• _Problem to solve_:
Your task is to reproduce, verbatim and without pictures, the lines from the opening of the listing through the line containing "안녕하세요. 하남시장 예비후보".

• _Records for the task_:
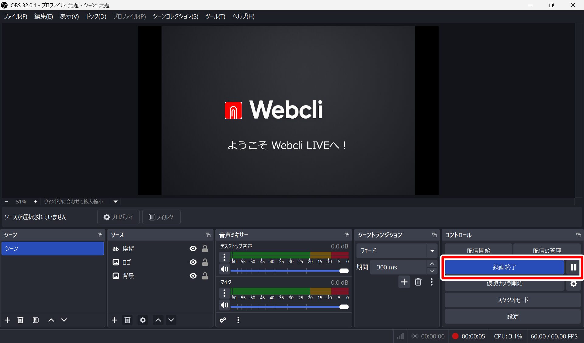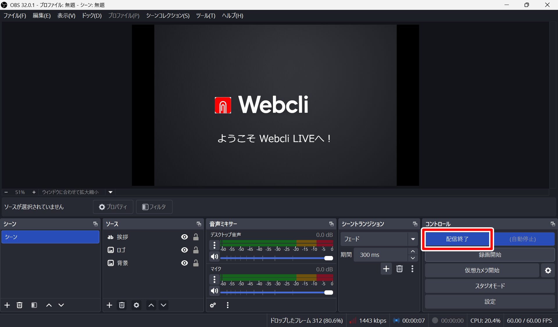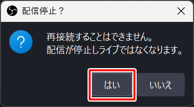 確認ダイアログが表示されるので「はい」をクリックしましょう。これで配信が完全に終了します。
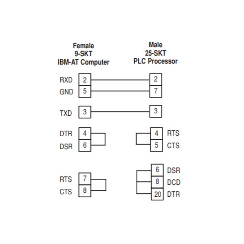 Rắc cắm kết nối Computer và Programming Terminal: DB9 9 Pin Female có đấu nhảy nội bộ sợi cáp (đấu chập chân kết nối)
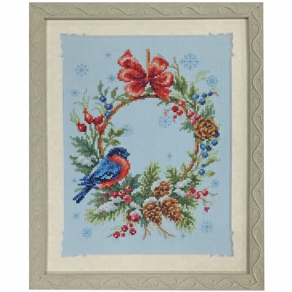 リースの刺しゅうの額装です。クリスマスリースにこんな小鳥が来たら…と想像が膨らみますね。
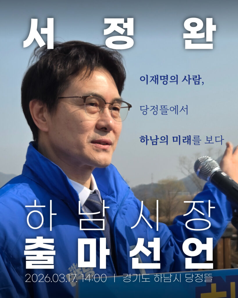 안녕하세요. 하남시장 예비후보 서정완(전 이재명 대통령 청와대 행정관)입니다. 저희 선거사무소 개소식에 정중히 초대 드리오니 참석하시어 자리를 빛내주시길 바랍니다. 🔹 일시ㅣ2026년 […]
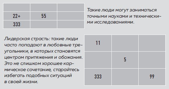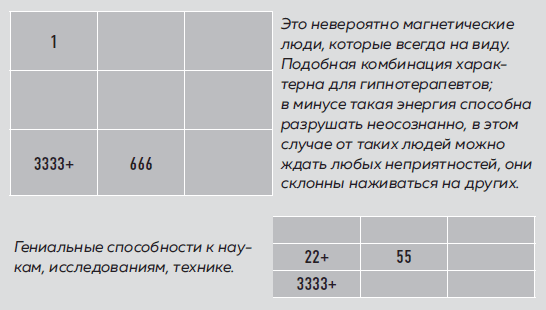 Такие люди могут быть ясновидящими, даже если нет других нужных для этого цифр. Они чувствуют природные катаклизмы и чрезвычайные происшествия. Люди с пятью тройками в этом секторе могут видеть потусторонний мир, например, во снах. Они чрезвычайно быстро развиваются, могут моментально освоить ту или иную сферу, талантливы во всем. Как и людям с 333, им важно реализоваться до 40–50 лет. Среди них много долгожителей.

• _Task response_:
 確認ダイアログが表示されるので「はい」をクリックしましょう。これで配信が完全に終了します。
 Rắc cắm kết nối Computer và Programming Terminal: DB9 9 Pin Female có đấu nhảy nội bộ sợi cáp (đấu chập chân kết nối)
 リースの刺しゅうの額装です。クリスマスリースにこんな小鳥が来たら…と想像が膨らみますね。
 안녕하세요. 하남시장 예비후보 서정완(전 이재명 대통령 청와대 행정관)입니다. 저희 선거사무소 개소식에 정중히 초대 드리오니 참석하시어 자리를 빛내주시길 바랍니다. 🔹 일시ㅣ2026년 […]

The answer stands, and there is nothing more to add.